All records, minus the pictures: write them out exactly.

====== Task inputs ======

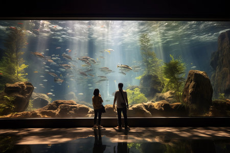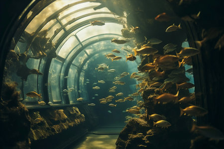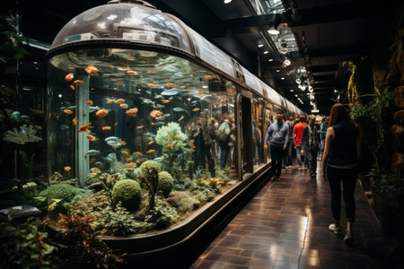 aquarium filled with schools of colorful fish, creating a peaceful setting, created with generative ai
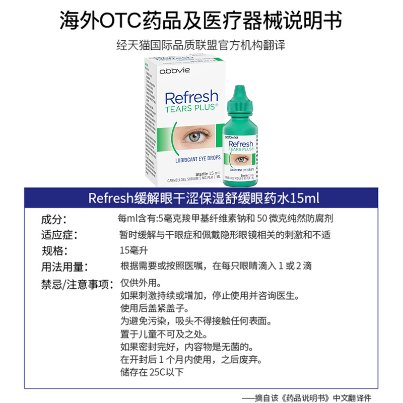 澳洲Refresh润眼液眼疲劳眼药水人工泪液眼干滴眼液隐形眼镜专用
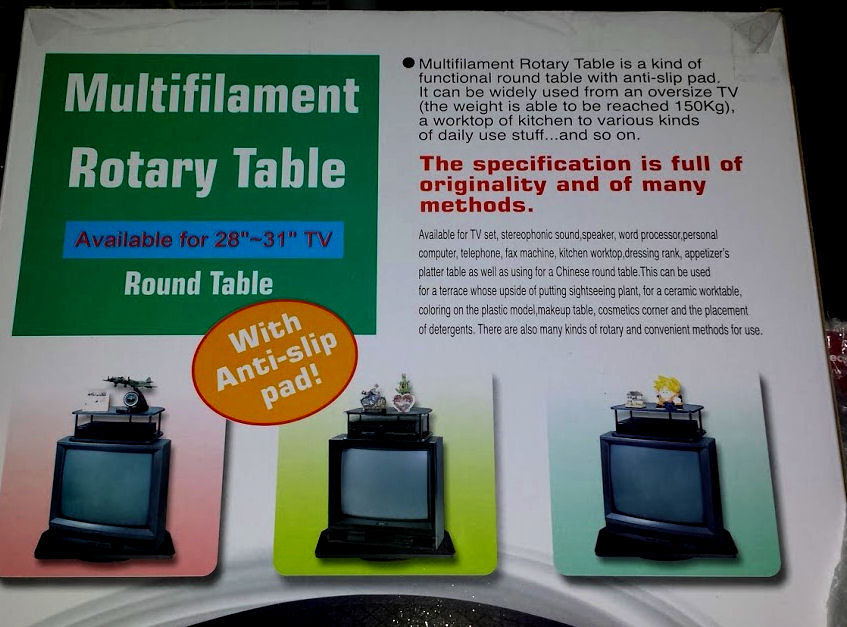 Oh, and the rotating base I ordered for the LED TV arrived. The specification is full of originality and of many methods:
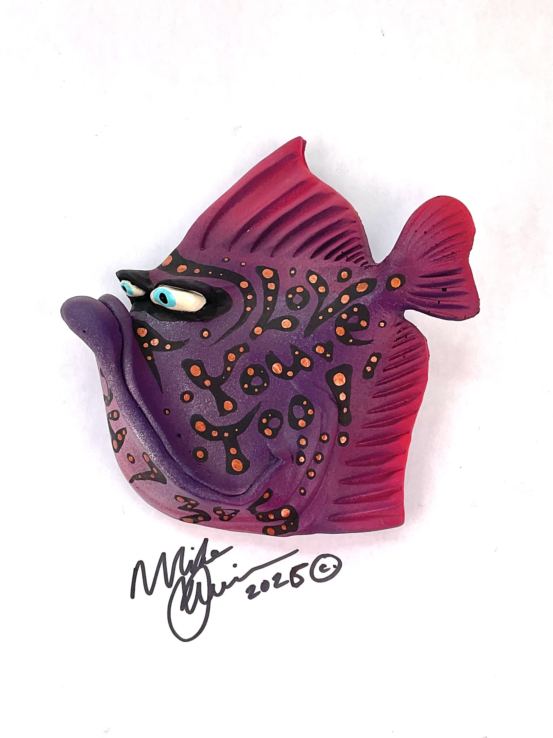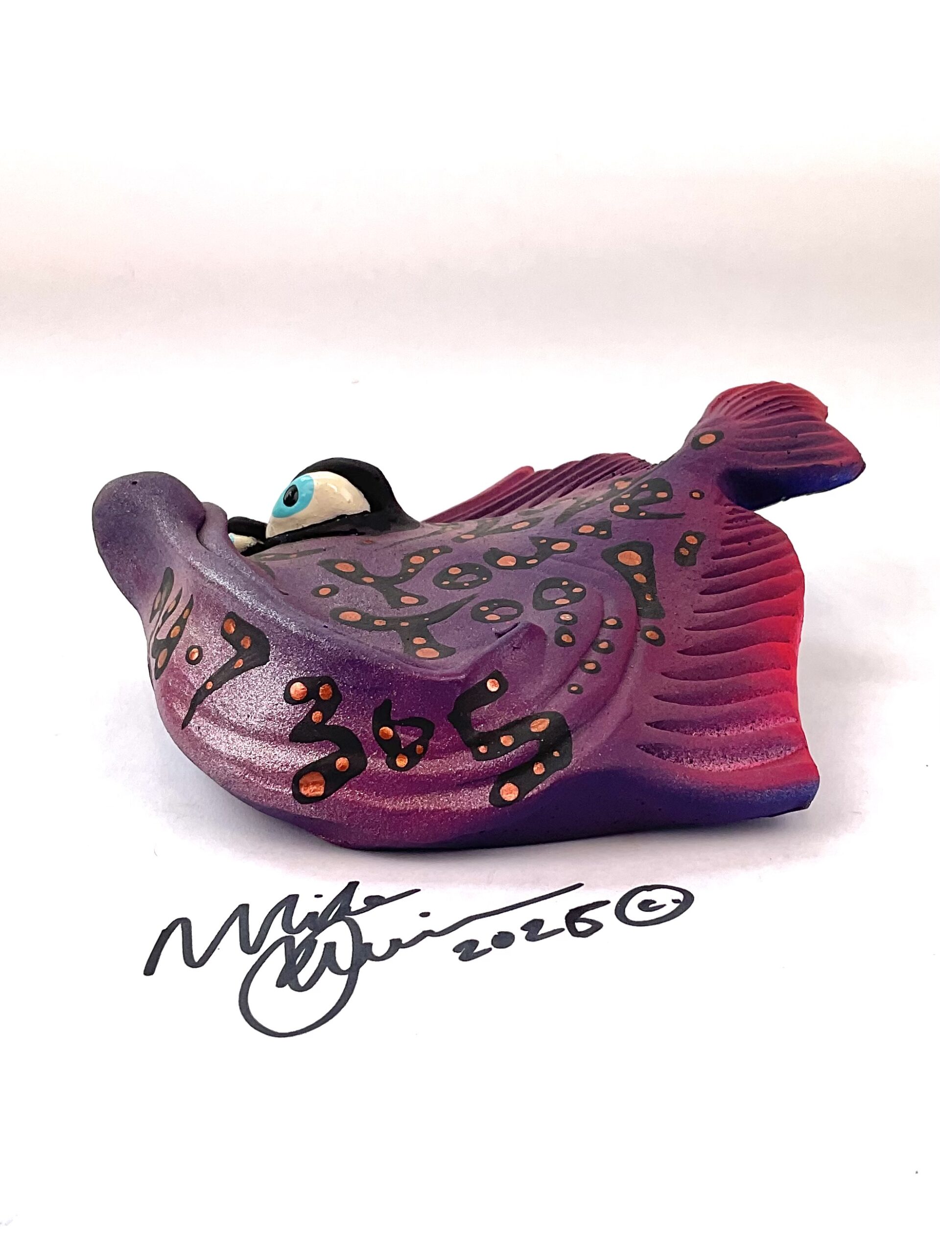 This piece is designed and created by artist Mike Quinn, it’s part of his Fish with Attitude collection. It’s one of a kind nature means it will have unique markings, design, spots, teeth, fur, claws or whatever is applicable to the creature posted.
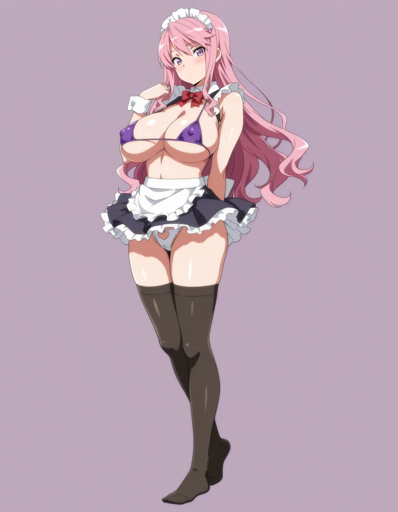 mai_imar,mai_seikaim,long_hair,pink_hair,purple_eyes,large_,cross_necklace,purple_shirt,t-shirt,black_jacket,sleeves rolled up,white_skirt,high_heels,cleavage
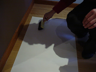 2)depois foi colando na parede mais ou menos onde achava que iam ficar melhor, modificando consoante achava necessário
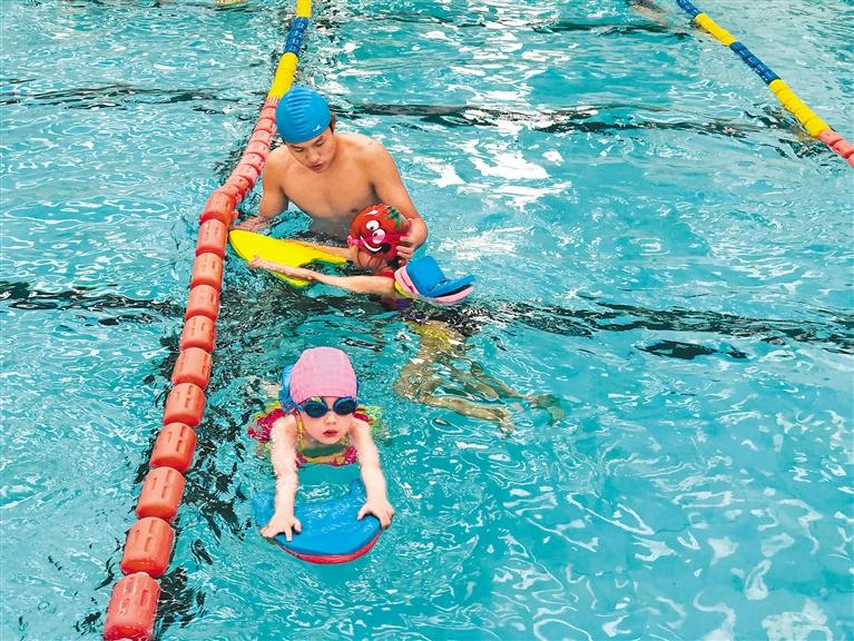 圖為(wei) 青少年兒(er) 童在教練的指導下學習(xi) 遊泳。
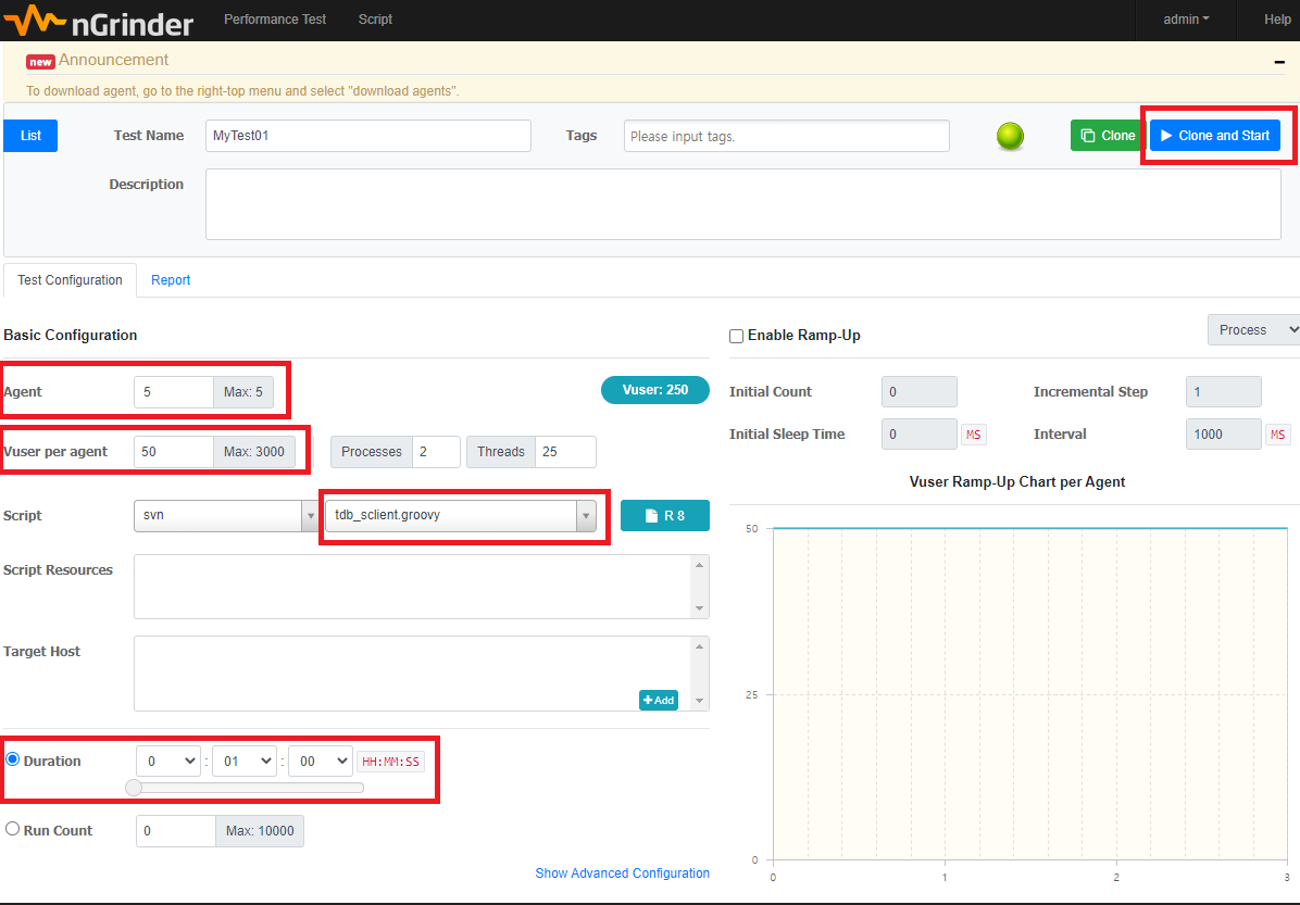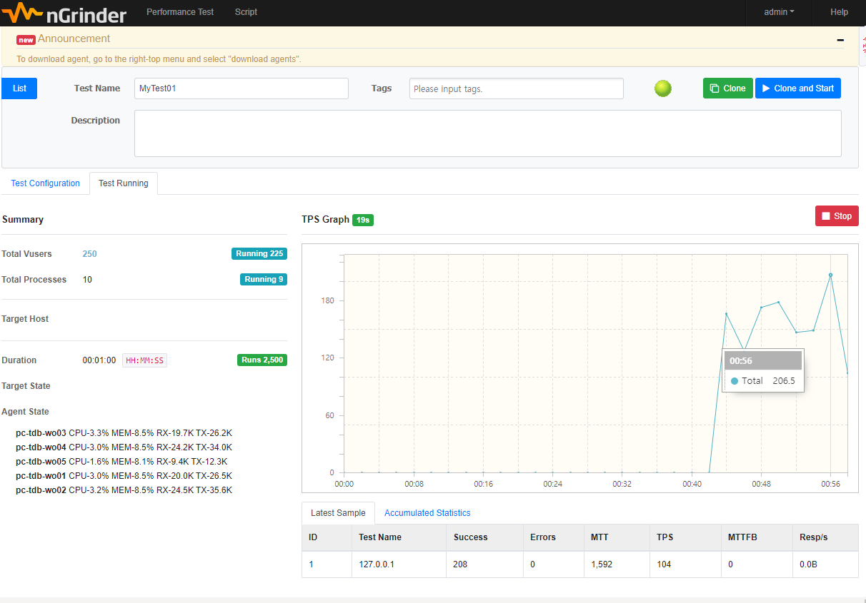 위와 같은 설정으로 총 5대의 에이전트에게 스크립트를 실행시켰고,

======

Response =
 aquarium filled with schools of colorful fish, creating a peaceful setting, created with generative ai
 澳洲Refresh润眼液眼疲劳眼药水人工泪液眼干滴眼液隐形眼镜专用
 Oh, and the rotating base I ordered for the LED TV arrived. The specification is full of originality and of many methods:
 This piece is designed and created by artist Mike Quinn, it’s part of his Fish with Attitude collection. It’s one of a kind nature means it will have unique markings, design, spots, teeth, fur, claws or whatever is applicable to the creature posted.
 mai_imar,mai_seikaim,long_hair,pink_hair,purple_eyes,large_,cross_necklace,purple_shirt,t-shirt,black_jacket,sleeves rolled up,white_skirt,high_heels,cleavage
 2)depois foi colando na parede mais ou menos onde achava que iam ficar melhor, modificando consoante achava necessário
 圖為(wei) 青少年兒(er) 童在教練的指導下學習(xi) 遊泳。
 위와 같은 설정으로 총 5대의 에이전트에게 스크립트를 실행시켰고,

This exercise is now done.